All methods produce identical position error plots, indicating consistency and conformity with the results obtained by most algorithms to solve the resection problem. This confirms that the sensitivity to calculate the position of the point P, even with noisy measured angles, is independent of the method used and unique, as discussed in Pierlot and Van Droogenbroeck (2014) and Font-Llagunes and Batlle (2009b). The metric 1/D can be used as an indicator of proximity to the forbidden circle. When dealing with aligned beacons, the value of D should be used directly. In other cases, the similarity between this metric and the position error suggests that the former can approximate the latter if a function of the other problem parameters is applied.

7 Conclusions

This article presents a novel approach to solving the resection problem in two and three dimensions using conformal geometric algebra (CGA). The CGA framework allowed representing points, lines, planes, circles, and spheres in a unified mathematical structure and offered a more intuitive understanding and efficient solution to the resection problem compared to existing algebraic techniques.

The proposed method leveraged the ability of CGA to transition between different reference frames without requiring coordinate transformations. This eliminated the need for multiple calculation steps and complex algebraic manipulations that are characteristic of traditional algebraic solutions. Through extensive numerical simulations, we have demonstrated the validity and efficacy of our GA-based approach, achieving accuracy comparable to that of established algebraic techniques, while significantly improving computational efficiency and providing valuable geometric insights.
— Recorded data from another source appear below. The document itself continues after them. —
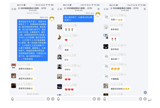 当晚20:30,为了使身处异地他乡的同学们能够度过一个温暖、快乐、难忘的跨年夜,2020级能源动力类本科生在辅导员的带领下利用QQ群进行了新年问候与新年抽奖活动,同学们在QQ群里纷纷发言表达自己对同学们的祝福。虽未欢聚一堂,但却其乐融融,通过元旦慰问和线上活动,不仅让同学们在学校感受到了家一般的温暖,也让同学们对学校“以学生为根”的办学理念有了更深入的体会,增强了同学们对学校和学院的认同感,提升了同学们“航发报国”的责任感和使命感。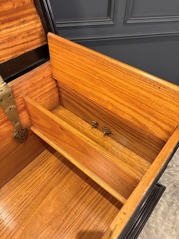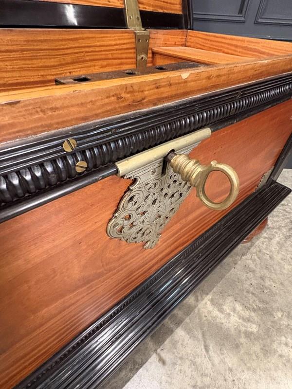 Beautifully constructed in camphor wood with contrasting ebony banding and moulded edging, the trunk is further enhanced with decorative metal mounts and carrying handles to the sides.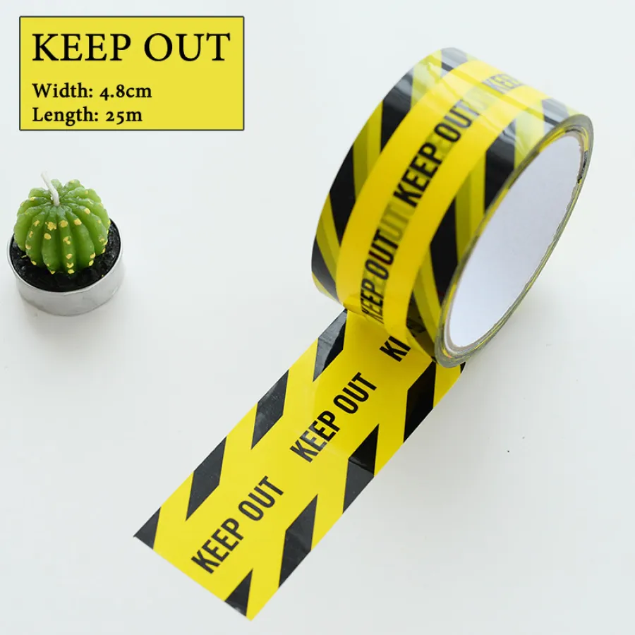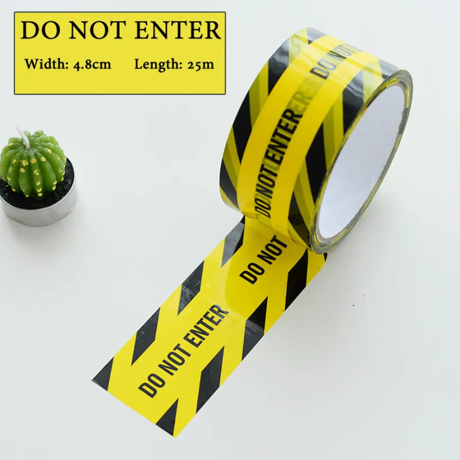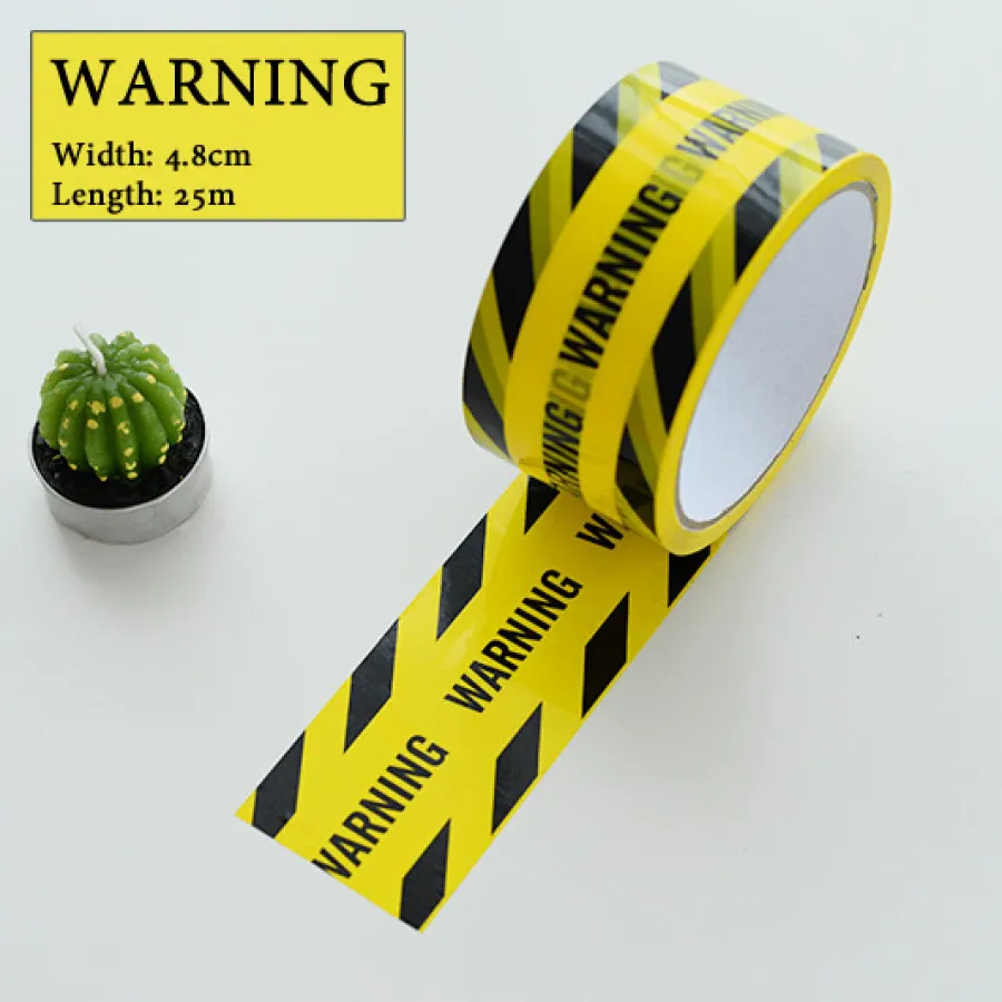 1/Roll 48mmx25m Warning Tapes Yellow Black Caution Keep Out Sign Barrier Safety Reminder Sticker For Warehouse Factory School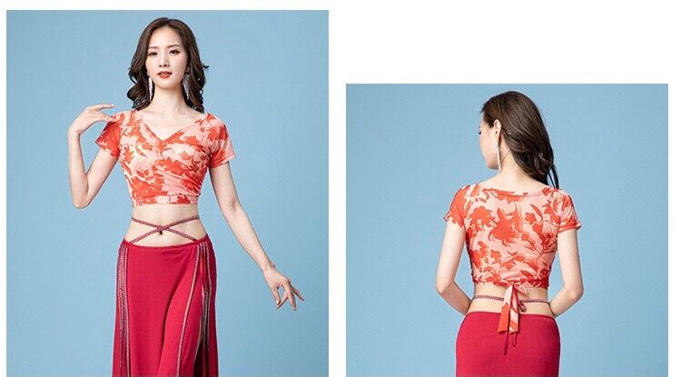 ベリーダンスやジプシーダンスのレッスンに最適な、シックでエレガントなブラウスです。スタイリッシュなプリントを施したデザインは、動きに合わせて華やかさを演出。舞台だけでなく、日常やレッスンでも使える万能アイテムです。

Our findings suggest that the geometric algebra framework has strong potential for solving resection-type problems not only in surveying and geodesy but also in computer graphics, robotics, computer vision, and navigation. By exploiting geometric relationships between entities, CGA paves the way for more intuitive solutions that unify computations involving different geometric primitives.

Future research can build upon the ideas presented here to address more complex variants of the resection problem that involve additional constraints. The CGA method can also be extended to address intersection problems and other spatial geometric computations across diverse disciplines. By harnessing the power of geometric algebra and the versatility of conformal geometric methods, this work opens up new possibilities for advancing geometric research and computational techniques.